Логично, что именно личного подвига ждали от интеллигентов авторы “Вех” и на нем полагали перспективы общественного переустройства. По Булгакову, на “новые практические пути” могли стать только “новые люди”: “Речь идет... о самой человеческой личности, не о деятельности, но о деятеле”. На “воспитание человека” надеялся Струве: ответственность, профессионализм, “личная годность” — вот что позволило бы, по его мнению, преодолеть и индивидуалистическую самодостаточность и диктат политики. Булгаковское “подвижничество” и струвеанская “личная ответственность” вынудили бы интеллигенцию к решительному перевороту и самоупразднению как разрушительной по отношению к жизни силы. Струве полагал, что интеллигенция должна перевоспитаться и в своем перевоспитании раствориться в нации. Ему вторил другой автор “Вех”, Изгоев: “От интеллигентского периода жизни надо переходить к национальному, народному”[32]. Бердяев еще более заострял эту оппозицию национального и интеллигентского (органического и механического, религиозного и рационалистического): “Внутреннее устроение своей личности и внутреннее устроение своей родины — вот лозунги, которые должны быть провозглашены взамен старых интеллигентских лозунгов. Регулятивными идеями должны быть идеи личности и нации, а не интеллигенции и класса. Вот за что ратуют „Вехи””[33].

Ясно, что авторы “Вех” не хотели, не могли и не должны были вырабатывать тактических или даже стратегических рецептов политической линии интеллигенции. Здание религиозного подвига личности во имя общественности опиралось на целую традицию политического поведения и не нуждалось в дополнительных основаниях.

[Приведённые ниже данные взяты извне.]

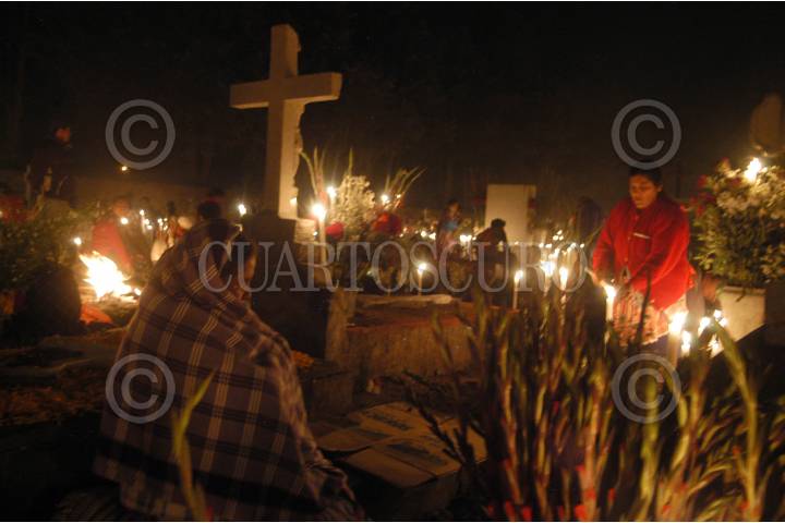 SAN ANDRÉS CUEXCONTITLÁN, EDOMEX 02NOV2006.- Continua la tradición de la comunidad otomi y mazahua de celebrar el día de muertos en el panteón.Una mujer coloca la ofrenda la tumba de su familiar. FOTO: GERMÁN ROMERO/CUARTOSCURO.COM
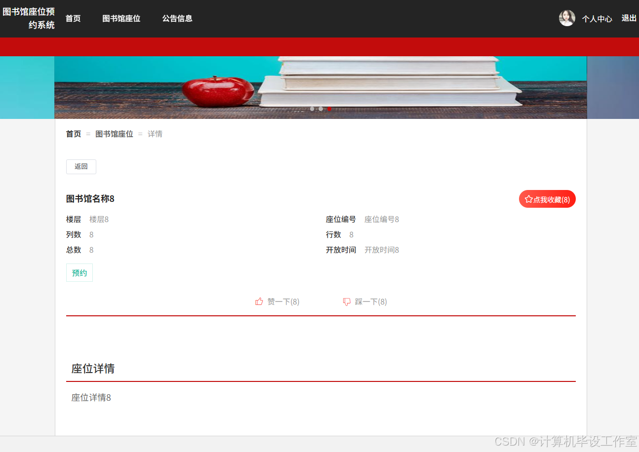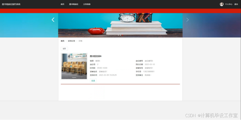 对于读者而言,通过本系统,读者可以在线浏览、搜索并精确预约图书馆的座位,选择特定日期和时间段进行预约,无需担心到达后无位可坐的问题。同时,系统提供的实时座位信息功能,让读者能够清晰了解图书馆的座位使用情况,从而做出更加合理的选择。这不仅提高了读者的学习效率,也增强了读者对图书馆的满意度和信任感。
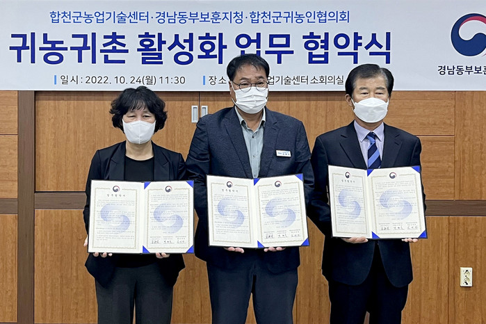 김해식 농업기술센터소장은 인사말을 통해 “이번 협약으로 귀농귀촌 유치 업무가 더욱 활성화되어 합천군 인구 증가에도 큰 역할이 기대되는 만큼 효율적인 업무 추진을 위해 최선의 지원을 하겠다”고 밝혔다.
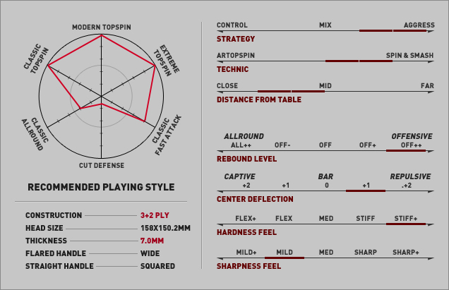 The basic construction of STRATO is based on that of our classic carbon blades such as SPEED OFF++ and POWER OFF+. But, replacement of older carbon with newly developed ENERGY CARBON realized another level of performance and feel. Improved efficiency of energy due to the lower damping of new material makes more powerful strokes. Further it gives improved control. KISO HINOKI of improved quality is used as top layers, and provides very comfortable and mild feel. This improvement gives STRATO the ability of all-round play though it is very fast blade. Topspin is more stable than players expect, and draws very sharp trajectory with good control. If a player can become accustom to the high speed, he/she will be able to perform every technique with ease.
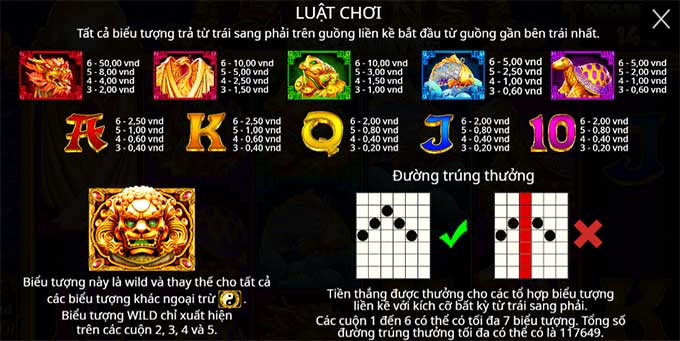 Wild có thể thay thế cho tất cả biểu tượng, ngoại trừ Bonus.
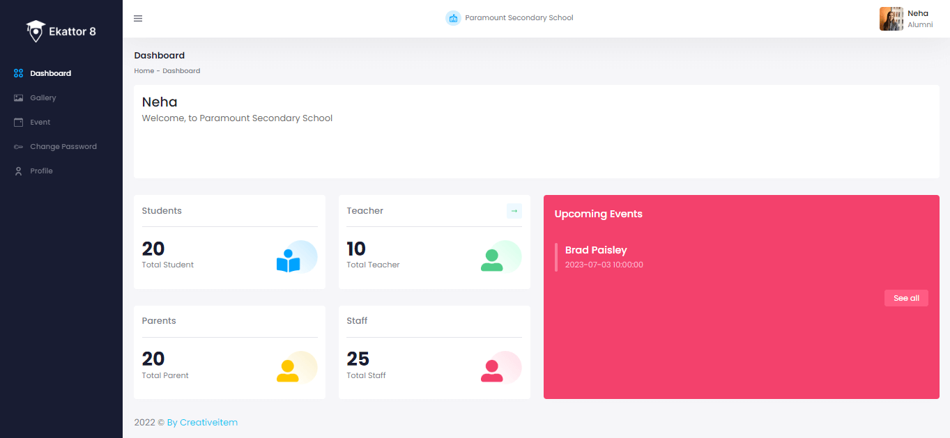 Dashboard: Here in Dashboard, alumni will get a welcome message & be able to view the information about their school, their upcoming event, and the total number of students, teachers, staff, and parents.
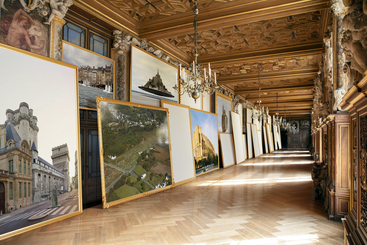 La Galerie François Iᵉʳ est ma galerie idéale. À la manière de Panini et de sa Galerie des vues de Rome, j’ai choisi ce lieu comme un espace symbolique où réunir mes Utopies Monumentales françaises. J’imagine les murs entièrement recouverts de cadres dorés, abritant mes visions de monuments français — un panorama intérieur, à la fois réel et imaginaire, où les siècles se superposent et où les monuments anciens retrouvent un futur.

Как бы катастрофичны ни были предчувствия “Вех”, следует признаться, что никто из авторов сборника не задумывался и потому не вырабатывал дополнительных принципов на случай гибели традиционной государственности и вместе с нею гибели тех минимальных начал свободы, которые в ней содержались. Для сохранения минимума свобод в существующем государстве действительно было достаточно интеллигентского самоограничения и личного подвига. Для спасения же государства ничего не годилось. “Те пути, на которые стала русская интеллигенция в завоевании свободы гражданской и политической, были в значительной мере ложны и завели и ее и страну в тупик величайшего деспотизма. Это видели ясно авторы „Вех””, — из эмиграции убеждал Струве[34]. Но составленный по горячим следам революции 1917 года многими из прежних веховцев сборник “Из глубины” заставляет в этом глубоко усомниться. Проповедники парализованы, и те, кто не поминает свою прозорливость, лишь перечисляют причины катастрофы. Как в этих условиях распорядиться религиозным подвигом, как в большевистском государстве прозреть Государство, каким, в конце концов, иным путем теперь идти к свободе — ни слова. Вот что осталось от веховской социальной философии.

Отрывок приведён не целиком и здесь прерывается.